• _Requirement_: In the records below, the relevant part opens with the line containing "سحق فريق بروسيا" and closes with the line containing "在第六届(2018)必和必拓"; print that part exactly and only, without its pictures.

• _Exercise data_:
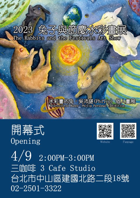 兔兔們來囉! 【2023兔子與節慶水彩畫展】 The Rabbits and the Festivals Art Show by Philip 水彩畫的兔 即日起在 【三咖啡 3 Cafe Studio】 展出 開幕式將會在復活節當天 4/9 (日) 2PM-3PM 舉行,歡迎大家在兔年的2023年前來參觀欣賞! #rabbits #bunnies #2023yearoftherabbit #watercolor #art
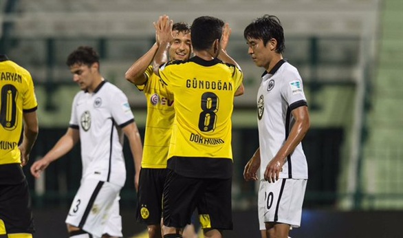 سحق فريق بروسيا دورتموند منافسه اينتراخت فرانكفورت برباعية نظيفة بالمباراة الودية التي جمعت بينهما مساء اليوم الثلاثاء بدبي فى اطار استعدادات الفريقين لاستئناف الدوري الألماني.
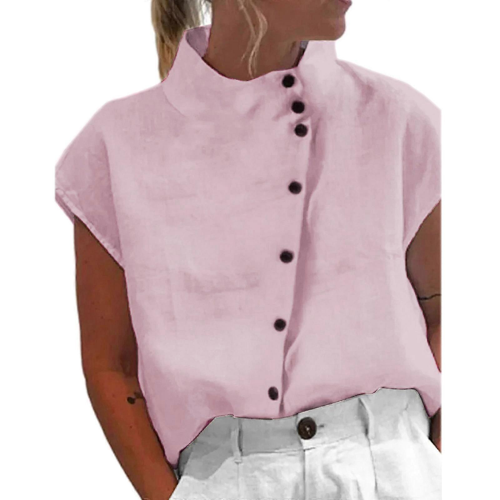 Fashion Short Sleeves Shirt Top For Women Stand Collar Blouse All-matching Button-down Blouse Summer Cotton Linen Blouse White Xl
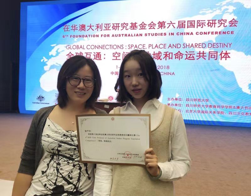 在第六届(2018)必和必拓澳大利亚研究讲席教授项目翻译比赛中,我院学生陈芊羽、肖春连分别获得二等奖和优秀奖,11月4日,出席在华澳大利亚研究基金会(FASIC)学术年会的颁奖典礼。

--

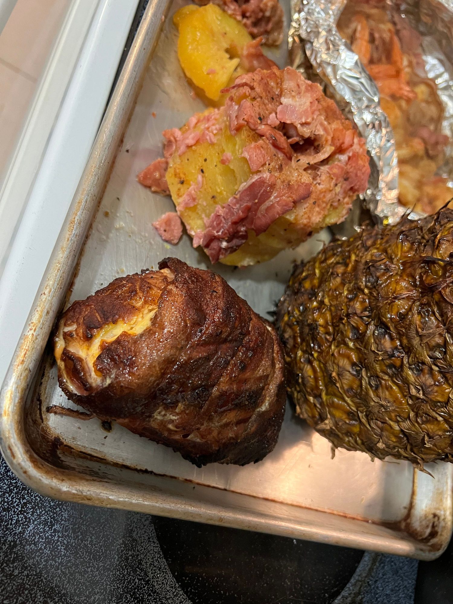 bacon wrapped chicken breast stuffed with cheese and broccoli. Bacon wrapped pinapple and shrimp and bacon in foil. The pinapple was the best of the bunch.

• _Result of the exercise_:
 سحق فريق بروسيا دورتموند منافسه اينتراخت فرانكفورت برباعية نظيفة بالمباراة الودية التي جمعت بينهما مساء اليوم الثلاثاء بدبي فى اطار استعدادات الفريقين لاستئناف الدوري الألماني.
 Fashion Short Sleeves Shirt Top For Women Stand Collar Blouse All-matching Button-down Blouse Summer Cotton Linen Blouse White Xl
 在第六届(2018)必和必拓澳大利亚研究讲席教授项目翻译比赛中,我院学生陈芊羽、肖春连分别获得二等奖和优秀奖,11月4日,出席在华澳大利亚研究基金会(FASIC)学术年会的颁奖典礼。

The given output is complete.